EBoard 34: Hash tables, continued
Warning This class is being recorded (and transcribed) (assuming Teams succeeds).
Approximate overview
- Administrivia
- Questions
- About MP9
- About hash tables
- Lab
Administrivia
- Please return cards, boards, and markers to the back of the room
when you finish class today.
- Sorry for missing on Wednesday.
- Happy Friday!
- Technology hates me today.
Upcoming Token activities
Academic
- Tuesday, 2023-11-21, Noon, Day PDR, CS Table.
Cultural
Peer
- Language study! Talk to your colleague.
- Swim meet, Saturday at 1pm (we think).
- Tuesday, 2023-11-21, 4-6pm, 3rd floor HSSC, somewhere: Wilson Catalyst
Wellness
Misc
- Subject yourself to a study of types.
- Please fill in the peer educator evaluations
Other good things (no tokens)
Upcoming work
- MP9 assigned today (JSON)
- MP9 pre-assessment due Sunday
Friday PSA
- Please be moderate
- Consent is essential
Questions
Hash tables
Administrative
Are you ever going to talk to the graders?
Yes. Monday, I hope.
Is MP9 our last mini-project?
Yes.
When is it due?
Thursday, November 30
Can we have more time for redos?
Sure.
Why is the Sample LA there?
As a reminder to Sam to Please LAs expunge
Are you going to charge for late redos?
No.
Can I use tokens to turn in pre- and post-assessments really late?
No. The point of these is to reflect at the time you do the assignment.
MP9
Goal: Parse JSON into an appropriate Java structure.
Input { "a": "apple", "e": [2,7,1,8], "q": { "x" : "xerox } }
Output: JSONHash with three KVPairs.
- The first KVPair has a key of the JSONString “a” and a value of the
JSONString “apple”.
- The second KVPair has a key of the JSONString “e” and a value
of a JSONArray of length four
- Element 0 of the JSONArray is the integer 2
- Element 1 of the JSONArray is the integer 7
- …
- The third KVPair has a key of “q” and a value of another JSONHash
We looked at the provided code together. Whee!
Hash table review
TPS: Five key ideas.
Cool. The screen stopped flickering. Have I mentioned that I hate
computers? Of course, now my laptop is running out of power, so the
recording will stop soon.
- A hash table is something that pairs keys and values. We generally call
such things “Dictionaries” or “Maps”. Hash tables are a particular
implementatoin of Dictionaries/Maps. In fact, they are popular enough
that some people call Dictionaries/Maps “Hashes”.
- Hash tables use arrays to implement dictionaries/maps.
- Array access is fast. We’d like to use array access when keys
are not necessarily numeric.
- We do so by converting the key to an integer (called hashing)
in a consistent, reliable, fast way so that (a) we always get
the same hash code for equal values, and (b) we are likely to
get different hash codes for different values.
- We look in the cell based on the hash code (mod table size)
- We can use the arrays to build hash tables in two ways:
- Chained/bucketed hash tables put a list of values in each cell.
If you have a different key that maps to the same cell as an
existing key, you add to the list.
- Probed hash tables may require you to look elsewhere in the
hash table. If you have a key that maps to an already
filled cell with a different key, you look elsewhere in the table.
- Side note: Badly designed hash functions tend to group things in
clumps. For example, “sum the ASCII values” will group length-five
strings around 5*109 (the ASCII value for “m”, the middle letter).

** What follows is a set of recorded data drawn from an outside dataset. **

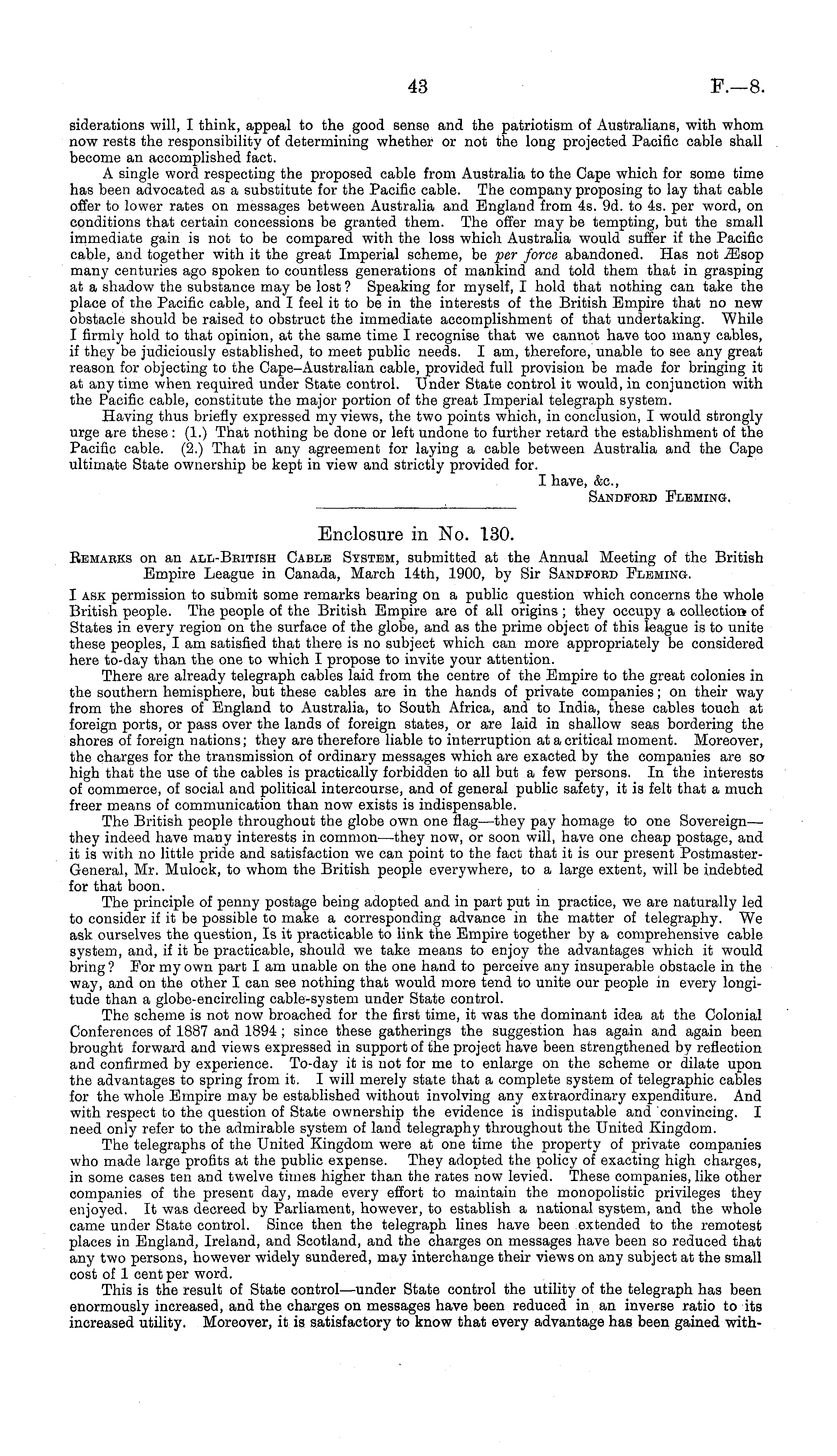 Enclosure in No. 130. Remaeks on an all-Beitish Cable System, submitted at the Annual Meeting of the British Empire League in Canada, March 14th, 1900, by Sir Sandfoed Fleming. I ask permission to submit some remarks bearing on a public question which concerns the whole British people. The people of the British Empire are of all origins ; they occupy a collection- of States in every region on the surface of the globe, and as the prime object of this league is to unite these peoples, I am satisfied that there is no subject which can more appropriately be considered here to-day than the one to which I propose to invite your attention. There are already telegraph cables laid from the centre of the Empire to the great colonies in the southern hemisphere, but these cables are in the hands of private companies; on their way from the shores of England to Australia, to South Africa, and to India, these cables touch at foreign ports, or pass over the lands of foreign states, or are laid in shallow seas bordering the shores of foreign nations; they are therefore liable to interruption at a critical moment. Moreover, the charges for the transmission of ordinary messages which are exacted by the companies are so high that the use of the cables is practically forbidden to all but a few persons. In the interests of commerce, of social and political intercourse, and of general public safety, it is felt that a much freer means of communication than now exists is indispensable. The British people throughout the globe own one flag—they pay homage to one Sovereign— they indeed have many interests in common—they now, or soon will, have one cheap postage, and it is with no little pride and satisfaction we can point to the fact that it is our present PostmasterGeneral, Mr. Mulock, to whom the British people everywhere, to a large extent, will be indebted for that boon. The principle of penny postage being adopted and in part put in practice, we are naturally led to consider if it be possible to make a corresponding advance in the matter of telegraphy. We ask ourselves the question, Is it practicable to link the Empire together by a comprehensive cable system, and, if it be practicable, should we take means to enjoy the advantages which it would bring ? For my own part lam unable on the one hand to perceive any insuperable obstacle in the way, and on the other I can see nothing that would more tend to unite our people in every longitude than a globe-encircling cable-system under State control. The scheme is not now broached for the first time, it was the dominant idea at the Colonial Conferences of 1887 and 1894; since these gatherings the suggestion has again and again been brought forward and views expressed in support of the project have been strengthened by reflection and confirmed by experience. To-day it is not for me to enlarge on the scheme or dilate upon the advantages to spring from it. I will merely state that a complete system of telegraphic cables for the whole Empire may be established without involving any extraordinary expenditure. And with respect to the question of State ownership the evidence is indisputable and convincing. I need only refer to the admirable system of land telegraphy throughout the United Kingdom. The telegraphs of the United Kingdom were at one time the property of private companies who made large profits at the public expense. They adopted the policy of exacting high charges, in some cases ten and twelve times higher than the rates now levied. These companies, like other companies of the present day, made every effort to maintain the monopolistic privileges they enjoyed. It was decreed by Parliament, however, to establish a national system, and the whole came under State control. Since then the telegraph lines have been extended to the remotest places in England, Ireland, and Scotland, and the charges on messages have been so reduced that any two persons, however widely sundered, may interchange their views on any subject at the small cost of 1 cent per word. This is the result of State control—under State control the utility of the telegraph has been enormously increased, and the charges on messages have been reduced in an inverse ratio to its increased utility. Moreover, it is satisfactory to know that every advantage has been gained with-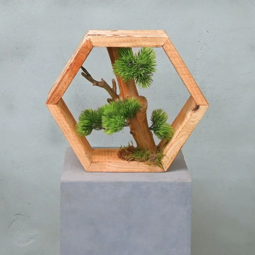 Holz-Hexagon mit Eichenzweig und künstlichen Bonsai-Ästen.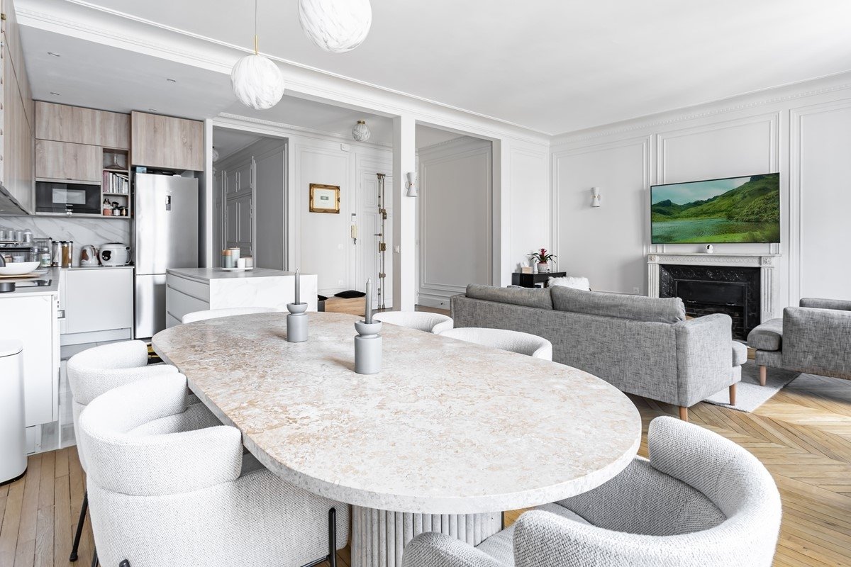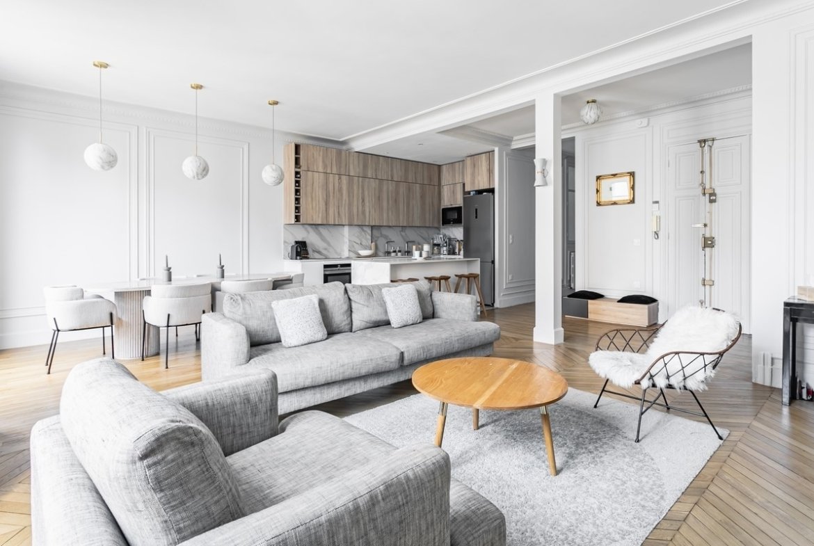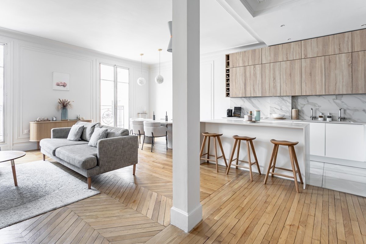 Un séjour d’environ 40m2 épuré avec cuisine américaine et Ilot central/bar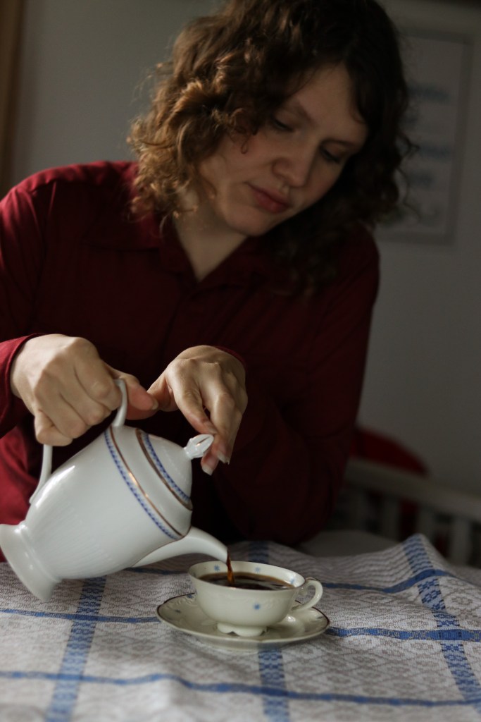 Jag är en riktig kaffedrickare, inte i mängden jag intar men i njutningen av hela processen. Det bästa kaffet drickes ur små porslinskoppar, med riktigt hett kaffe och en stor skvätt mjölk i. Kaffet avnjutes bäst i en tidig morgontimma, helt ensam med enbart mina egna tankar. Sedan är kaffe även en härlig sällskapsdryck, men det är inte då jag uppskattar det som mest. Utan det är själv, helst i mörkret före alla andra vaknar.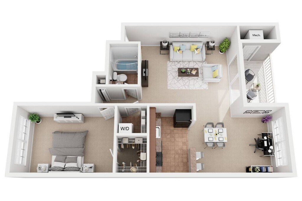 1 Dormitorio, 1 Baño, 689 pies²Disponible AhoraGalería del Modelo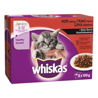 Whiskas Kissanruoka 12 x 100 g Junior lihalajitelma kastikkeessa

- UM: Hash tables use math (in computing good hash values).
- Hash tables are “better” than binary search trees.
- Arrays are fast.
- Our hash function tends to distribute things well, but we’ll
still have collisions.
- Are there things we can say about the expected number of collisions?
- In a well-designed hash table, about half of the cells are empty.

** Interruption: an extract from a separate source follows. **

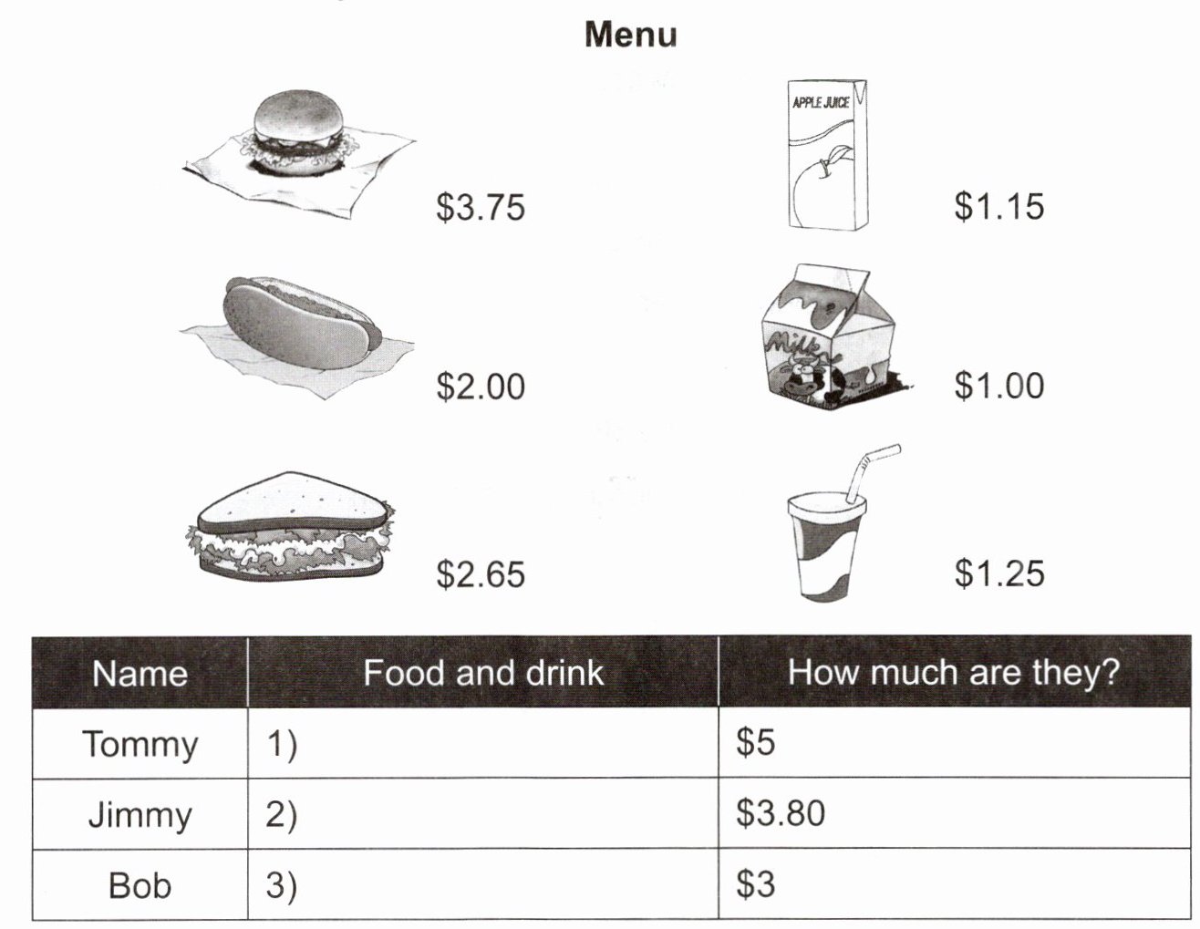 Tommy, Jimmy and Bob are in the restaurant. They are going to have lunch. What do they want?

On average, we should find an empty cell fairly quickly when probing.
[Statistics!]
- We have to grow the hash table to maintain that property.

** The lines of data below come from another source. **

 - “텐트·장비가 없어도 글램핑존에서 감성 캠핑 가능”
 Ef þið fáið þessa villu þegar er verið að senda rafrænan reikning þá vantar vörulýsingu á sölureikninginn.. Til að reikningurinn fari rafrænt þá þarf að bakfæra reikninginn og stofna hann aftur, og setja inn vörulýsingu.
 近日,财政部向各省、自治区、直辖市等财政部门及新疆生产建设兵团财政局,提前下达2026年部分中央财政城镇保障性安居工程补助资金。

- As you will eventually learn, things that are nearby in memory perform
better in real life, so hash tables (and all array-based structures)
generally perform better than linked structures.
- Hashing is so important that Java expects each object to provide a
well-designed
hashCode method.
- See the Osera chapter for designing a good method.
Lab
Make sure you share contact info with your HW9 partners.
Schedule a meeting with your HW9 partners.
Continue working with probed hash tables using the lab from last class.